Despite progress toward gender equity, many women continue to take on the majority of unpaid labour within their households, including housework and child care.
On average, women spend twice as much time as men per week on housework (12.6 hours compared to 5.7) and child care (12 hours compared to 6.7).
Unpaid labour also includes cognitive labour — the mental work of anticipating household needs, identifying and weighing options to fulfil them and monitoring whether those needs have been met.
Cognitive labour underpins many physical household and child-care tasks. For example, cooking or shopping for the household requires planning meals around preferences, anticipating various needs, finding alternatives if needed and keeping track of satisfaction with meals and products.
Cognitive labour is often called the “third shift” because it’s largely mental and invisible in nature. This work is often done in the background and is dispersed throughout the day, and women in heterosexual couples tend to shoulder most of it.
As experts in organisational behaviour, we recently conducted a study that found this form of invisible labour also significantly impacts women’s workplace experiences and career outcomes, which ultimately undermines gender equity.
The hidden cost of cognitive labour
For our study, we surveyed 263 employed women and men in heterosexual relationships with employed partners across the United States and Canada. Over seven weeks from April to May 2020, participants reported weekly on the division of cognitive, household, paid and child care labour between them and their partner. They also shared their level of emotional exhaustion, turnover intentions and career resilience.
It’s worth noting that our sample was predominantly white, highly educated and included only those in heterosexual relationships, which may limit how widely these findings apply.
Our results reveal that women take on more cognitive labour than men, even when accounting for the distribution of household and paid labour. This imbalance was linked to greater emotional exhaustion, which, in turn, was associated with a higher likelihood of wanting to leave one’s job and a reduced ability to cope with workplace changes.
In addition, nearly half the participants had at least one child under the age of 18 living with them.

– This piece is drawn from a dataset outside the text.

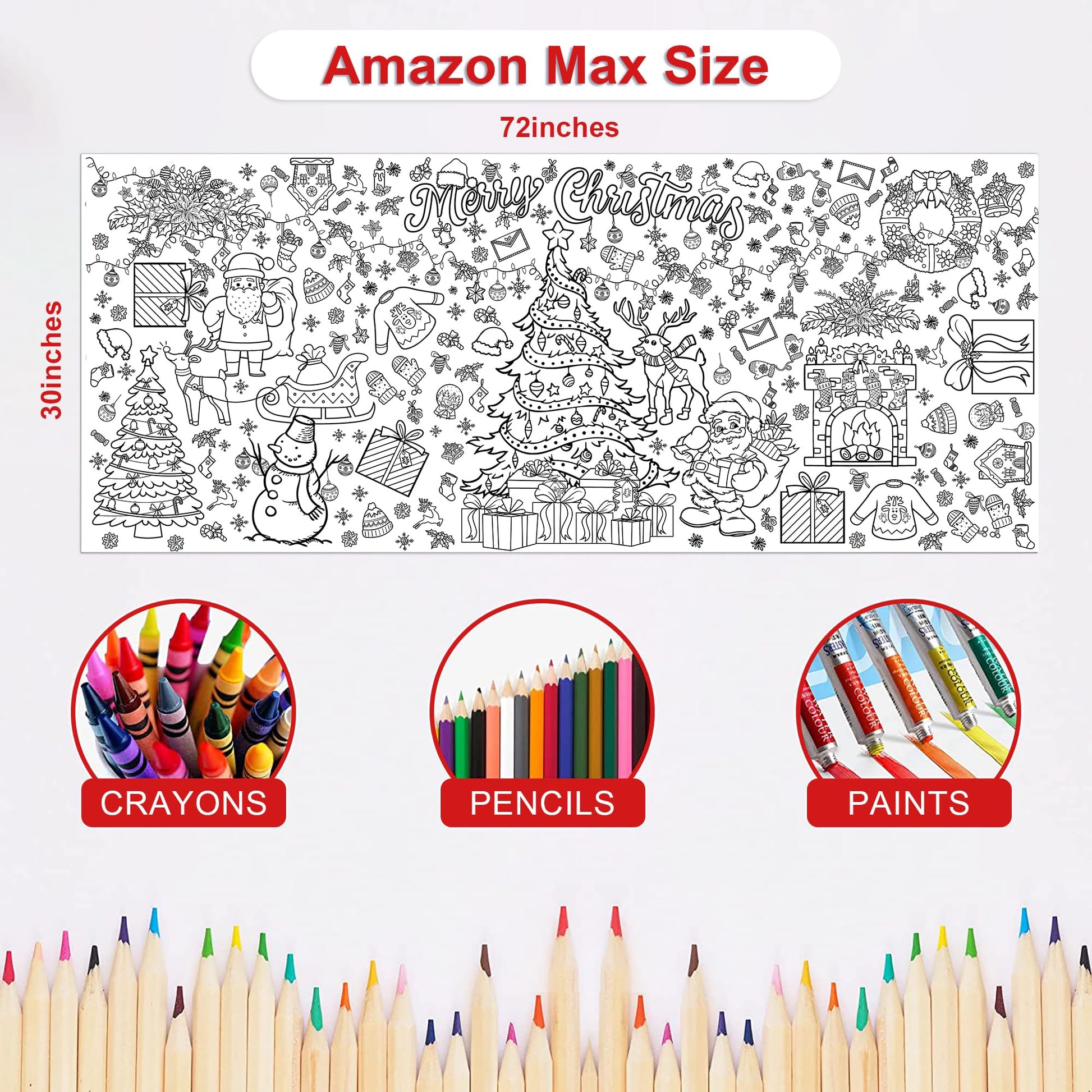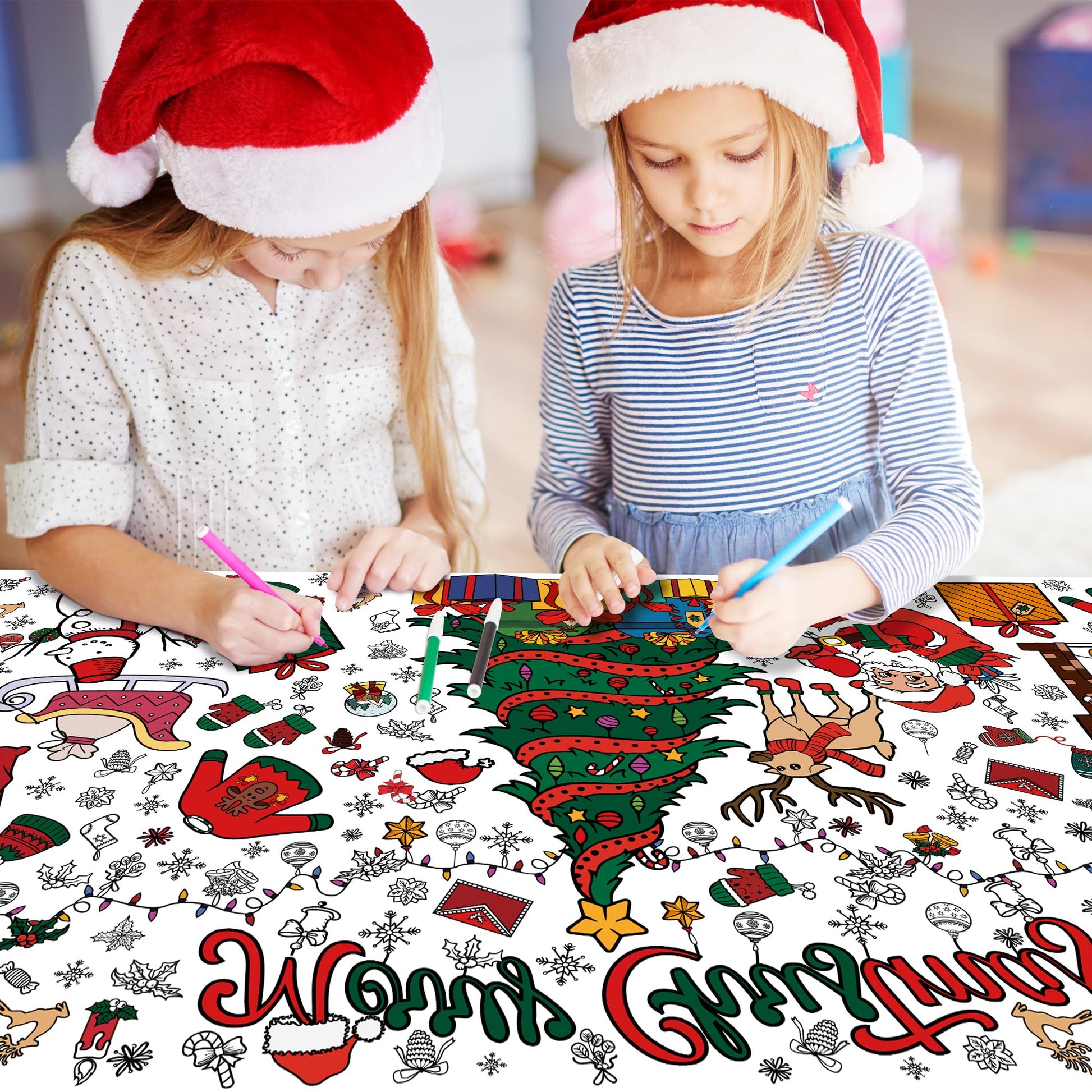 - Q: Can this coloring poster be used as a tablecloth for Christmas parties? A: Yes, the coloring poster doubles as a tablecloth, protecting your table from messes while providing a fun coloring experience for kids during Christmas parties and gatherings.

This is notable because school and daycare closures during the early days of the COVID-19 pandemic significantly increased child care demands, which women took the brunt of.
We found mothers shouldered a disproportionate amount of child care compared to fathers. Child care — not cognitive labour — was the key predictor of emotional exhaustion, which again resulted in a reduced capacity to cope with their work environment.
In other words, women experienced higher amounts of emotional exhaustion and undermined work outcomes, but the driver varied. For women without children, it was an unequal division of cognitive labour. For mothers, it was unequal child-care responsibilities.